Folding Furniture Part 2– X-Frame Folding Tables

This post was originally published on internationalroutier.wordpress.com on November 21, 2011


To quote the V&A, “Folding tables, due to their versatility and ingenious design which allowed them to be easily moved, were extremely popular items of furniture, but rarely survive.” The few surviving examples broadly fall in to three different groups. The first is an X-frame, much like a larger version of the folding stool in the previous post, with a wooden top. The second, often called Spanish tables due to the theoretical (possibly mythical) introduction of the type into England from tables found in the wrecks of the Armada in the 16th century, is much like a trestle table with the trestles hinged to the top and the stretchers replaced with wooden diagonal braces. The third type is the chair-table, I’ll cover both styles in later posts.

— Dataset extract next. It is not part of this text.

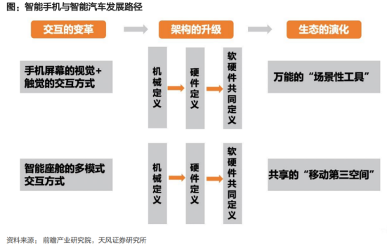 3.智能汽车与智能手机相似度较高,且存在大量创新点,让科技型企业能够充分发挥。智能手机与智能汽车作为移动互联网浪潮下划时代的产物,皆遵循着“交互的变革—>架构的升级—>生态的演化”的发展路径。同时,在模式以及阵营的选择上,智能汽车也延续着智能手机的变化。特斯拉在技术及收费模式上被接受,也让各大科技型企业看到了软件定义汽车的更多可能性。

Sixteenth century Italian folding table in the V&A Museum

There’s another, similar table from the Mary Rose (81A1708), and a rather excellent copy in-situ of an original in Stirling Castle (pictured below), showing a variation where the top is rotated 90° to the Italian and MR examples.

X-frame Table - Stirling Castle

Reproduction of an X-frame folding table in the Queen’s Inner Hall in Stirling Castle. It dates to about 1540.

I won’t dwell too long on this style because it has been done rather well here, and I feel it is probably a little early for us.